Читать книгу «Адам» онлайн полностью📖 — Леонида Сергеевича Акимкина — MyBook.

глава 10

Из угла меня сверлил чей-то взгляд. Даже мне, не особо разбирающемуся в животных, было понятно – такие глаза бывают только у кошек. У крупных, очень крупных и опасных кошек. Вечность. Кажется, столько времени я смотрел на эти два желтых круга хищных глаз. Все как-то стерлось, стало незначимым, исчез страх за жизнь и само ощущение собственного существования. Не было ничего, были только глаза, те, что напротив, и мои. Мы смотрели друг на друга и все. Возможно, это и есть та гармония, к которой все века стремились мятежные души людей. Вот она истинная философия мира. Мысль вторична, бытие –  это мусор, сознание -паразит, не дающий увидеть мгновение. Мгновение – это вечность. Отринь все, смотри в глаза.

Через секунду гармония исчезла, ее убил звук. Странный звук, исходивший из угла, где жили эти два огромных глаза. Звук весьма необычный. Как будто толстые металлические пружины, обернутые в толстую сырую кожу, сжатые когда-то, начали свой путь к свободе Сознание подсказало мне, это тугие мышцы перекатываются под шкурой зверя, большие тяжелые мышцы хищника. У хищников всегда так, мышц много, а шкуры пергаментные и стонут мышцы от тесноты, и шелестит шкура, мечтая не треснуть от мощи, что скрыта под ней.

Глаза моргнули. Спасительное наваждение психики спало. В опасном углу началось движение. Слабое человеческое зрение не позволяло увидеть мне, что там движется, но реакция Сильки не внушала ничего хорошего. Собачьи нервы не выдержали, и пес с визгом бросился ко мне в ноги. От воинственного вида ничего не осталось. Спрятавшись за мной, Сильвестр начал лаять как бешеный. Он никогда не лаял, а сейчас просто глушил меня звонким эхом своей истерики. Мне слышалась в этой каше лая, визга и скулежа обида, огромная горькая обида. Так люди обижаются на судьбу, когда ничего уже не исправить, когда понимаешь, что ничем не заслужил такого подвоха от жизни. Когда хочется кричать сквозь слезы, что ты неплохой человек, что сделал много хорошего или не сделал плохого, а мог бы, что ничем не заслужил такого. А судьба глуха, забирая самое дорогое, она смотрит на тебя и видит звонко лающую собаку, которая раньше молчала, а сейчас так раздражает своими визгливыми причитаниями.

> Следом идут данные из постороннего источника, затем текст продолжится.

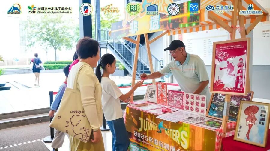 聚光灯下,世界级选手展现着跳绳的极致魅力;在高境的日常中,跳绳早已成为一种深入肌理的文化基因和生活方式。宝山高境“花样跳绳”被成功评定为第十批宝山区非物质文化遗产 “传统体育、游艺与杂技”代表性项目,标志着这项运动实现了从单纯的体育项目到文化瑰宝的价值维度的根本性拓展。此外,为本次赛事准备了独特的本地非遗周边纪念品,包括本地艺术家设计制作的赛事主题剪纸作品,以及承载中国跳绳发展史的纪念徽章。赛场内外的舞龙舞狮、非遗市集等传统元素,更为赛事注入了深厚的文化底蕴,营造出浓郁的传统氛围。回顾高境与跳绳的缘分,可谓源远流长。自上世纪九十年代起,高境便开始了系统性的推广之路。精心开发的《轻松学跳绳》课程,不仅走进了全市160所学校,更辐射至全国14个省市,惠及数十万青少年,形成了独特的“文化+体育”双修模式。核心示范校高境科创实验小学的课间,总是一片绳影翩跹的景象,学生们书包里必备一根跳绳。这份坚持结出了硕果:十余年间,该校学生在各级赛事中累计斩获1625枚奖牌,其中包含218个冠军,更曾8次打破世界纪录。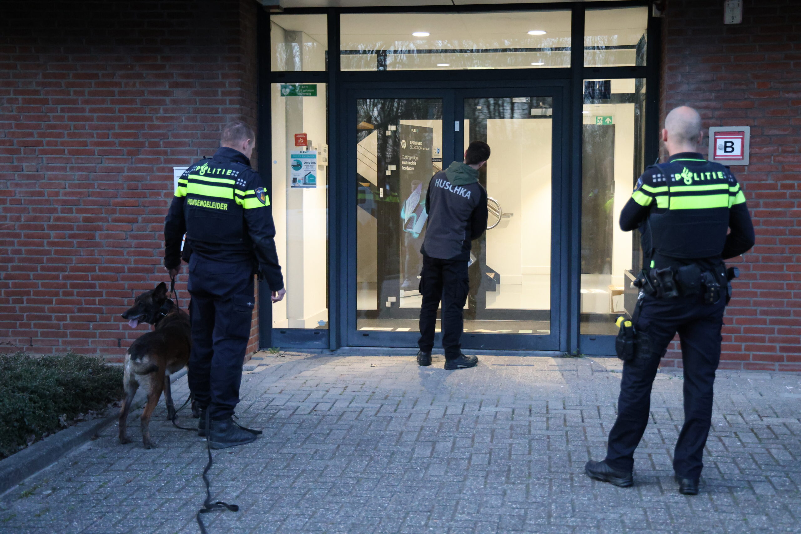Een autoladder van de brandweer is op verzoek van de politie ter plaatse gekomen, zodat agenten van bovenaf op het dak konden kijken. Ook ging de politie met een speurhond het pand binnen om het pand te ‘schonen’. Zo wordt het genoemd als de politie zeker stelt dat geen ongewenste personen meer binnen zijn.

Наша судьба двигалась к нам навстречу. Она вышла на границу темноты и света, источаемого открытым лифтом. Теперь я смог его видеть. Сильвестр замолк. Это был лев. Я никогда не видел живого льва, только по телевизору. Какой же он… Не зря его зовут царем зверей, это его титул по праву. Он царь. Тусклый свет старался окрасить хищника в серые цвета, как и все вокруг, но воображение мое доливало нужных оттенков на могучий торс зверя, щедро размазывая по его шкуре желтую и коричневую краски. Глаза его перестали светиться и скрылись в сумерках тени. Чувство страха, зудевшее, пока лев шел к свету, отступило.

Вместо того, чтобы рвануть к комнате охраны и закрыться там, я пытался найти границу львиной гривы и ночной темноты помещения. Казалось, что гриве нет конца, она огромна. Быть может, вся темнота земной ночи – это львиная грива, а звезды – это глаза львов, львы смотрят, царственно, сверху вниз, и где бы ты ни был, они придут к тебе из темноты, если захотят.

Лев решил оказать мне содействие и вышел на свет полностью, возможно, ему понравилось, как я на него смотрю. Какой же он огромный, мощный, сильный. Грива оказалась и впрямь шикарной, редкого черного цвета. Она покрывала не только его голову, но и могучие плечи, часть спины и глубокую грудь. От этого он казался еще опасней, еще величественней. Я бы мог еще долго любоваться этим божьим созданием, подмечая, как много на нем шрамов и как гордо он держит свою венценосную голову, сколько в нем хищной грации и невероятной мощи, но я снова увидел его глаза.

Я понял, почему Силька молчит, он давно их разглядел и все понял. Говорят, у людей глаза способны говорить. Львы не умеют говорить, поэтому и глаза хищника не были красноречивы, они просто показали свою глубину и намерения зверя.

Я умру. Спокойный царственный взгляд дал понять – я буду убит и растерзан. Не было во взгляде извинений или сочувствия, присущих человеку, совершающему что-то плохое по отношению к другому человеку, было только спокойствие. Сильвестру был вынесен свой вердикт, он может пока жить и будет убит, но потом.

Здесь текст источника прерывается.